I do not use the dw sample as base for my implementation, but the nvm_eglstream sample of the cuda 10.2 samples.

I think the underlying problem is the following:
dwImageHandle_t is declared as a typedef struct dwImageObject* it is essentially a pointer to the (incomplete) type dwImageObject. So when streaming the handle from one process to the next, I am not streaming content, but a pointer to content which is not pointing to a valid place in memory for the consumer process. Since the type dwImageObject is not visible to me, I may not stream the content the handle points to.
On the other hand, I do not understand how the dw cross process streaming sample then streams the handle in a valid fashion, if it is just a wrapper for EGLStream.

Another possible cause of the problem is that my initial implementation, since it is meant to stream cuda images, uses the cuda wrapper for EGL streams (cuEGLStreamProducerPresentFrame etc.). For a cuda image, that works fine, but for that to work with dwImageHandle_t, I need to copy the image handle to device memory (and back on the consumer side). As I said, the data transfer as such works well, I just guess that the handle on the consumer side cannot point to the same dwImageObject any more.

Dear @josua.zscheile,
I do not use the dw sample as base for my implementation, but the nvm_eglstream sample of the cuda 10.2 samples

Any reason for sticking to nvm_eglstream CUDA Sample. If so, why to use DW data structures?

Dear @SivaRamaKrishnaNV,

we are using the driveworks NN functions for the detection of objects of interest.
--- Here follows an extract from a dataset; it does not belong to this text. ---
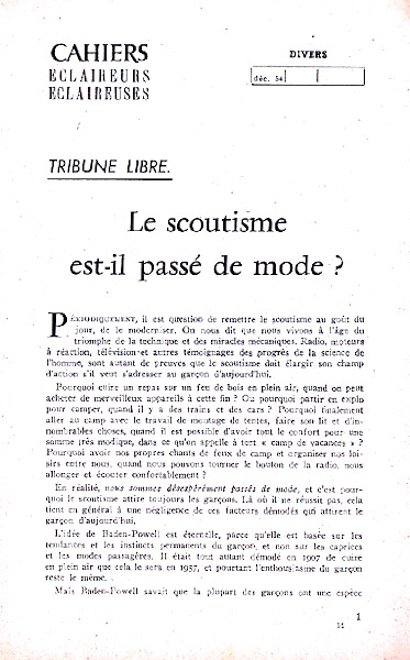 1954 : Tribune libre : le scoutisme est-il passé de mode ?

Since the provided camera streamer tool has performance problems and crashes with multiple streams and is a black box (i.e. we have no way to tweak its performance), we need to implement it for ourselves so we at least have a way to handle these issues.
I went through the cuda sample because that way I at least have a low level method to stream the frame in device memory, which was my starting point. After that works, I had hoped to be able to also stream the frame handle in the same way.

Please create another topic for the performance and crash problems you face.

Because of the convoluted conversion between dwImageCUDA and CUeglFrame and others, I would suggest you use dwImageStreamer API.